12 лучших упражнений для груди и плеч с гантелями

Итак, вот список нескольких лучших упражнений для груди и плеч с гантелями, которые помогут вам построить сильное и здоровое тело и мышцы.

Упражнения на грудь с гантелями

1. Жим гантелей лежа

Жим гантелей лежа — отличный способ увеличить мышечную массу груди. Косвенно также будут задействованы плечи и трицепсы.

Жим штанги лежа имеет ограничение, заключающееся в том, что он не задействует весь диапазон движения. Это ограничение преодолевается жимом гантелей лежа.

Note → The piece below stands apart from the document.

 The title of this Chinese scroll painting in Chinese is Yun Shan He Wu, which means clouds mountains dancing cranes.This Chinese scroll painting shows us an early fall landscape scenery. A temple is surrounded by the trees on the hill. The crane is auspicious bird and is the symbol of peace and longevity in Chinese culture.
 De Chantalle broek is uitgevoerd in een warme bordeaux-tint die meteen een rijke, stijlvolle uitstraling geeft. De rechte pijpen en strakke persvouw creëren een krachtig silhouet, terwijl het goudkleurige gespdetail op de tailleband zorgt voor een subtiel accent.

Жим гантелей лежа обеспечивает дополнительный диапазон движений в верхней части для полного развития груди. Кроме того, гантели также требуют лучшей координации, заставляя стабилизирующие мышцы также помогать.

Как это сделать
  1. Лягте на скамью, поставив ноги на пол для лучшего равновесия, возьмите по гантели в каждую руку.
  2. Держите гантели прямо над головой ладонями вперед.
  3. Теперь опустите гантели к внешней стороне груди, максимально растягивая грудь в нижней точке.
  4. Затем поднимите его, пока ваши руки не будут почти заблокированы, держите гантели очень близко друг к другу.
Наконечники
  • Контролируйте движения и избегайте резких движений.
  • Держите локти близко к бокам.
  • Пусть ваша спина сохраняет естественный изгиб, чтобы у вас был небольшой зазор между поясницей и скамьей.

2. Пуловер с гантелями

Пуловер с гантелями — лучшее упражнение для построения сильной грудной клетки и передней зубчатой ​​мышцы для построения полной груди и спины.

Пуловеры воздействуют непосредственно на переднюю зубчатую мышцу для развития спины.

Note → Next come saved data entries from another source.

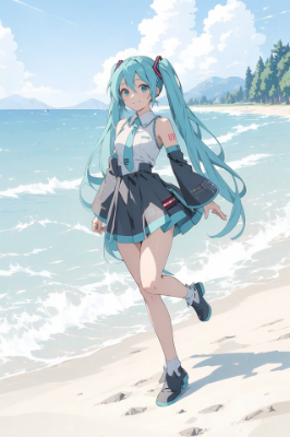 ((masterpiece)), ((high resolution)), ((best quality)), (ultra-detailed), anime, ((extremely detailed)), 4K, (8K), best quality, dynamic angle, (beautiful), solo, (hatsune miku), school classroom, smile, school uniform,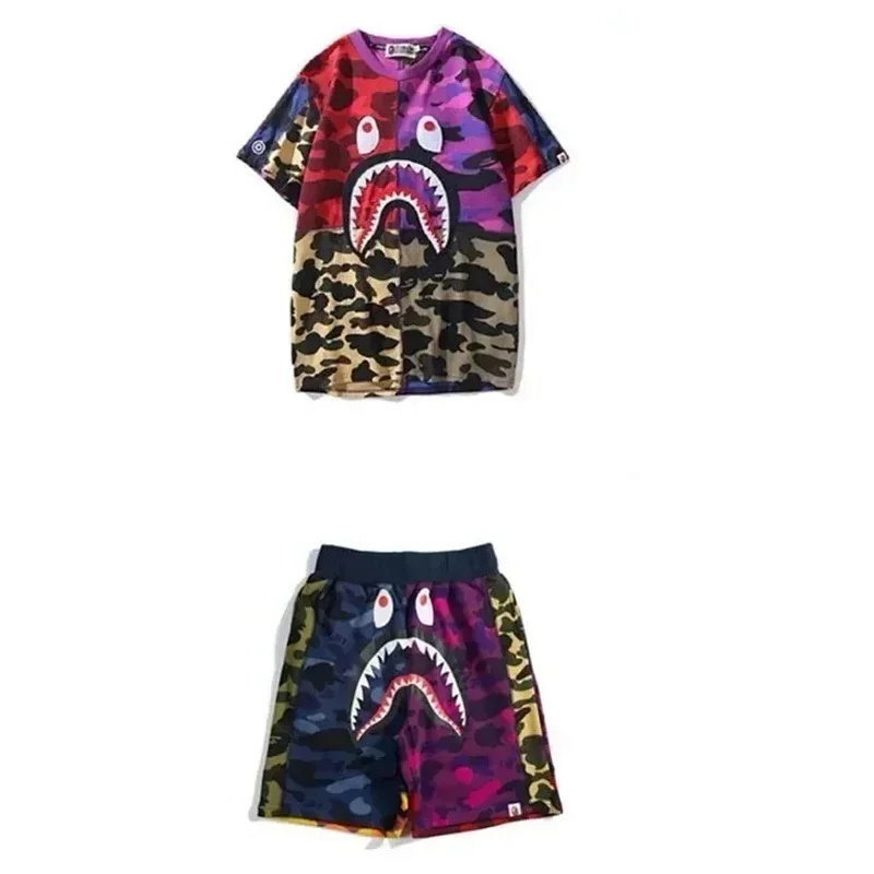 Home > Bape shark zipper letter full print camouflage pattern short-sleeved T-shirt shorts set-2818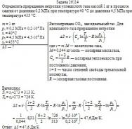 Определить приращение энтропии углекислого газа массой 1 кг в процессе сжатия от давления 0,2 МПа при температуре 40 °C до давления 4,5 МПа при температуре 453 °C.

Это упражнение выполняется лежа на скамье с гантелью среднего веса в руках.

Как это сделать
  1. Лягте на скамью на плечи так, чтобы голова свисала.
  2. Возьмите гантель обеими руками и положите ее прямо на грудь.
  3. Опустите гантель по дуге, медленно растягивая грудную клетку.
  4. Опустите гантель как можно ниже, а затем поднимите ее обратно в исходное положение.
Советы
  • Выдыхайте во время нагрузки.
  • Максимальное растяжение обеспечивает максимальное расширение грудной клетки.
  • Расслабьте бедра и позвольте им опуститься, так как расслабленные бедра помогают в дополнительном расширении

3. Жим гантелей на наклонной скамье

Жим гантелей на наклонной скамье Упражнение является отличным способом развития средних и верхних грудных мышц .

Так же, как и жим лежа на наклонной скамье, жим гантелей на наклонной скамье работает в основном на верхнюю часть груди, но гантели обеспечивают полную амплитуду движения и, следовательно, в некоторых отношениях лучше, чем жим лежа.

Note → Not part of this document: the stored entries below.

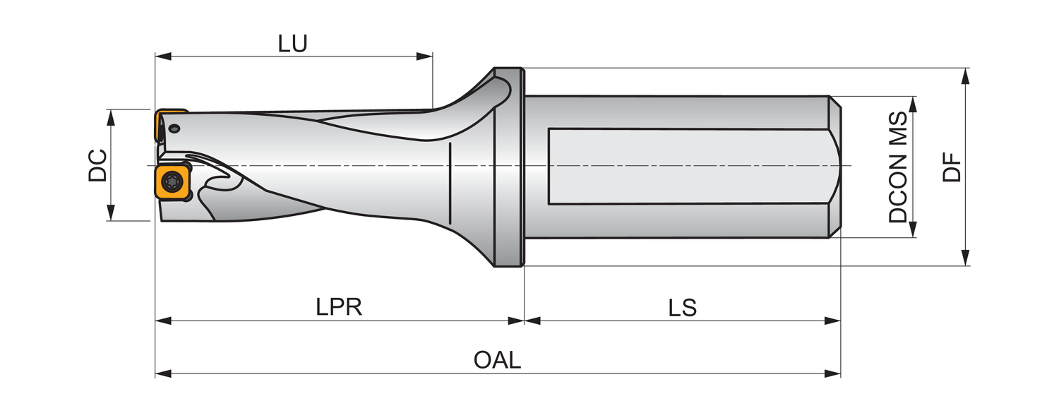Indexable insert drill which utilises an XPET 12T3.. insert in the central pocket and a SCET 1204.. insert in the peripheral pocket, cutting diameter 1.750'', with a 1.500'' cylindrical shank with flat according to ISO 9766 and through coolant for maximum drilling depths up to 2 x D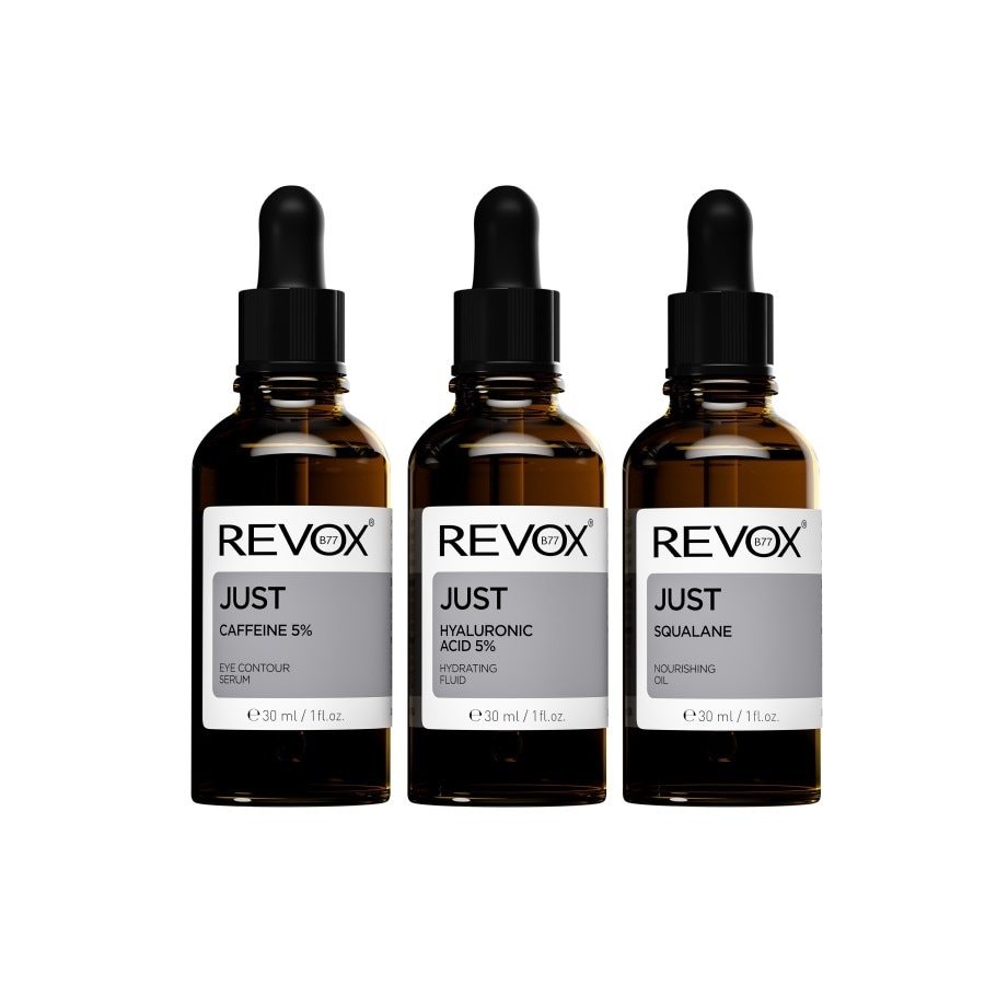 Шаг 1: Утренняя энергия. Утром, после бережного очищения кожи промокните кожу полотенце и нанесите на область вокруг глаз энергетическое средство REVOX B77 JUST с кофеином 5%. Кончиками пальцев слегка похлопайте по коже вокруг глаз, чтобы нанести несколько капель сыворотки, и дайте ей впитаться. Результат: мгновенное ощущение подтянутости и видимое тонизирование кожи. Всего через несколько минут вы будете выглядеть более бодрой и свежей, а кожа под глазами с каждым днём будет выглядеть всё лучше.Состав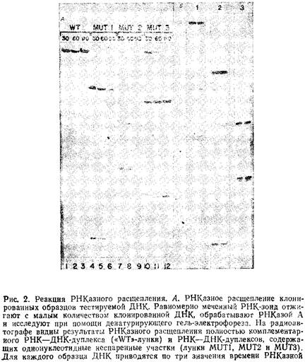 Единичные нуклеотндные замены во фрагментах геномной ДНК можно обнаружить при расщеплении неспаренных участков в РНК-ДНК-дуплексах, обрабатывая эти дуплексы РНКазой А. Рис. 1 иллюстрирует последовательные этапы процедуры.

Добавляет дополнительный диапазон движений в верхней части для полного развития груди.

Как это сделать
  1. Лягте на наклонную скамью. Убедитесь, что угол наклона скамьи составляет 30–45 градусов.
  2. Очистите гантели и поднимите их прямо над головой. Почувствуйте хорошее сжатие грудной клетки в верхней точке.
  3. Опустите гантели и почувствуйте хорошее растяжение грудных мышц в нижней точке.
  4. Задержитесь на секунду, а затем выжмите гантели обратно в исходное положение.
Наконечники
  • Выдохните, толкая гантели вверх, и делайте это контролируемо.
  • Установите скамью под углом примерно 30–45 градусов. Не идите прямо, так как нагрузка больше смещается на плечи, чем на область груди.
  • Варьируйте углы скамьи, чтобы прорабатывать разные углы груди.

4. Разведение гантелей

Разведение гантелей использует схему движения грудной клетки, чтобы изолировать мышцы груди, помочь мышцам лучше расти и становиться сильнее .

Его часто считают классическим упражнением в бодибилдинге, поскольку цель упражнения состоит в том, чтобы изолировать грудную клетку в эстетических целях.

Разведение гантелей нацелено на все области грудных мышц, но особенно на внутреннюю часть грудной клетки.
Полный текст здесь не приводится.